5 collector cars to put in your garage this week
Designed by Stabilimenti Farina, built by Facel, and incorporating Ford technology, the Ford Comète was the brainchild of the American manufacturer’s French subsidiary in the early 1950s — hence why it doesn’t look like the usual Detroit barges from the same period. While around 3,000 were built between 1951 and 1954, just a handful of drop-top examples were produced. Consequently, the owner of this Comète elected to carry out a conversion on a coupé — and the result is spectacular.
Would you believe us if we told you that for the same price as a new BMW M6, you could buy a modern Lamborghini with a V12 engine, a proper manual gearbox, and styling more akin to a spaceship than a supercar? Well, if you can stomach the no-doubt eye-watering maintenance bills, this menacing black-on-black 2004 Lamborghini Murciélago currently for sale in Belgium is proof. Are you brave enough?
Marvellous Rosso Monza!
Every so often we spot a car in the Classic Driver Market that we really couldn’t have specified any better ourselves — a machine that is a true credit to its original owner. This Ferrari 599 GTO is one such example. It’s a known fact that Ferrari V12s look best in darker, more understated shades, but we hadn’t expected this hue — titled Rosso Monza — to work quite so well. Chuck in a chocolate-coloured leather and Alcantara interior, a smattering of carbon fibre, and a contrasting matte black roof, mirrors, and wheels, and you’ve got the best looking modern Gran Turismo Omologato we’ve ever clapped eyes on.
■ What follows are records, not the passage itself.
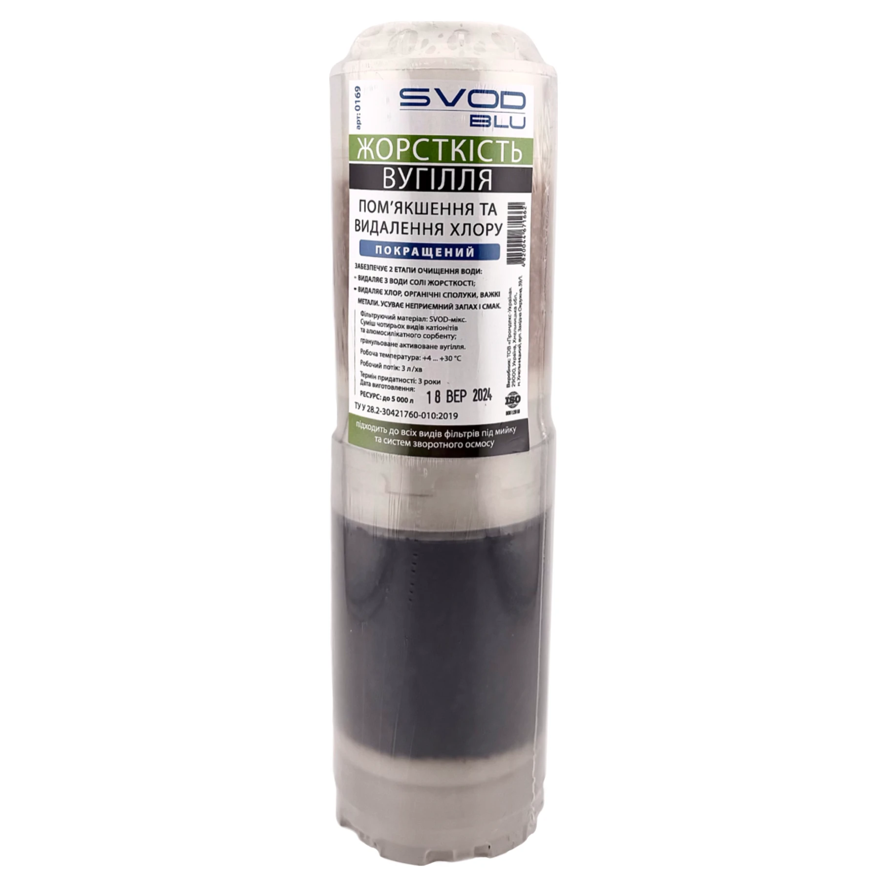 Пом'якшує питну воду, знижує вміст хлору та органічних речовин. Покращує колір, запах та смак води. ПОКРАЩЕНИЙ за рахунок SVOD-mix - суміш чотирьох видів катіонітних смол і алюмосилікатного сорбенту, а також суміші вугілля. Підходить до всіх видів фільтрів під мийку та систем зворотного осмосу.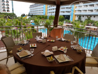 С питанием все отлично. Морепродуктами не балуют конечно, огромного разнообразия нет, но выбрать всегда есть что. Всегда есть свежие блюда на гриле, разные салаты, фрукты, много десертов. Для ребенка не хватало диетических блюд (по типу паровых овощей, они были,но не всегда) и много острых блюд, но все равно всегда находили чем дочку накормить. Аля карт бесплатный, их несколько (были в одном) обслуживание медленное и просьбы принести пиво, могут забыть, но все очень вкусно, хорошая подача и само расположение. Ресторан на втором этаже, с видом на бассейн и территорию отеля, симпатично.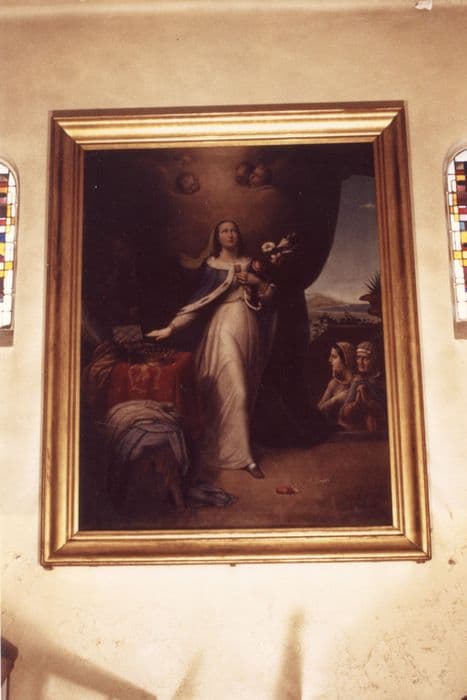 La sainte, debout à côté d'une table sur laquelle est déposée une couronne, tient un bouquet de fleurs. Elle porte son regard au ciel, tandis que deux personnages observent la scène.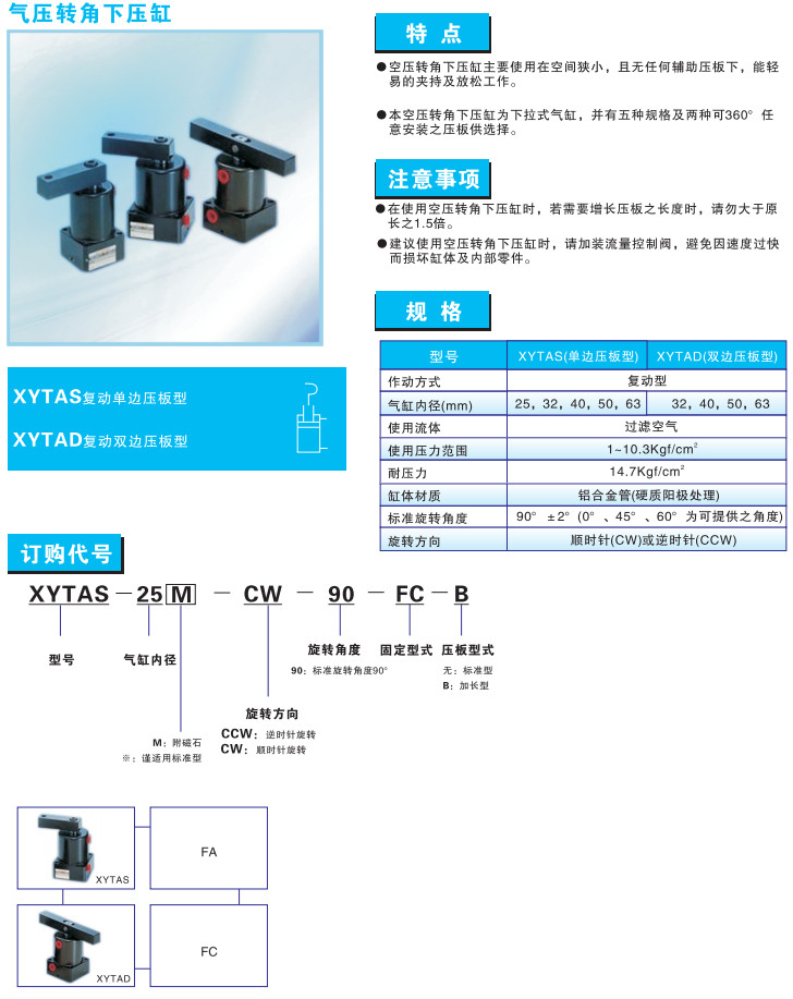 XYTAD-32M-CW-90-FA,XYTAD-40M-CW-90-FA,XYTAD-50M-CW-90-FA,XYTAD-63M-CW-90-FA,
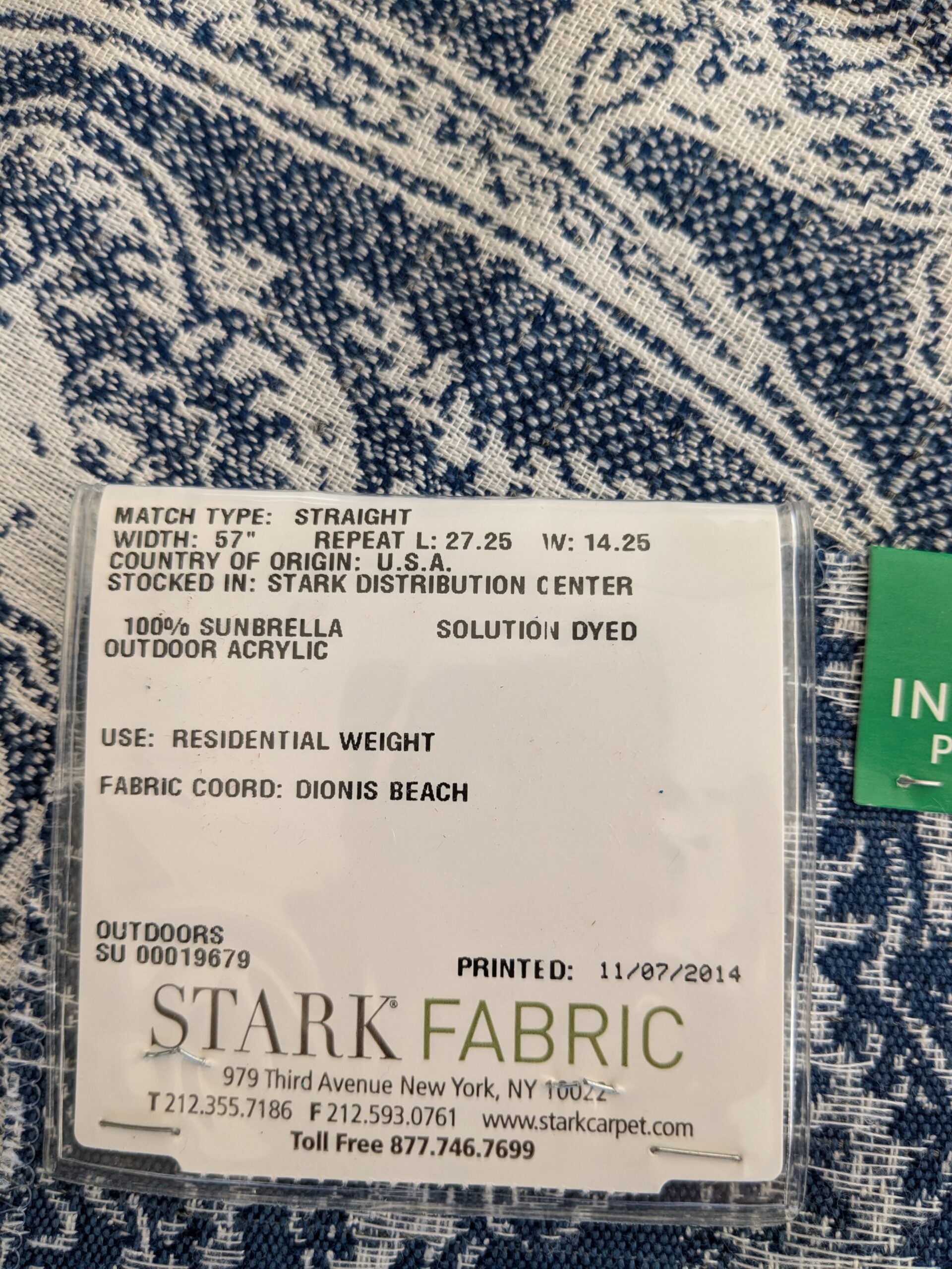 | Approx. repeat | Horizontal 14.25″/36.20 cm; vertical 27.25″/ 69.22 cm |
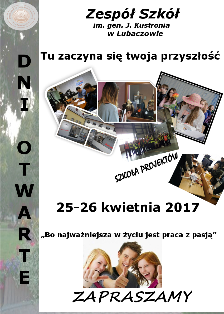 Jaką szkołę wybrać po gimnazjum? W jaki sposób mogę ocenić jakie mam predyspozycje? Co mnie interesuje, jakie mam talenty i umiejętności? Z tymi i podobnymi dylematami zaprasza wszystkich uczniów i rodziców na dni otwarte Zespół Szkół im gen. J. Kustronia w Lubaczowie w dniach 25-26 kwietnia 2017r.
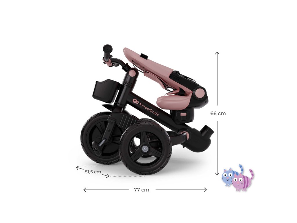 - Rozměry složené tříkolky: 66 × 77 × 51,5 cm

‘Simplify, then add lightness’
Embodying Colin Chapman’s ‘simplify, then add lightness’ mantra, the Lotus 15 was intended to pick up where the mightily successful Eleven left off. The third of 15 built, chassis number 603 was initially campaigned by the Works and driven by, among others, Graham Hill. It also boasts the distinction of being the very first Lotus 15 to win a race, at the 1958 Daily Express Trophy Meeting at Silverstone. Later in its life, the little Lotus was fitted with a 3.5-litre Buick V8 — that must’ve been a handful, to say the least!
You know who I am?
Mildly resembling the Zagato-bodied Alfa Romeo Junior Z, the Matra Bagheera was a genuinely innovative sports car, featuring three-abreast seating, a steel spaceframe, and a mid-mounted engine. It was also genuinely named after the panther in the Jungle Book! This Simca-built example from 1977 is the rarer ‘S’ model, and if the advert is to be believed, it’s as fun to drive as a go-kart.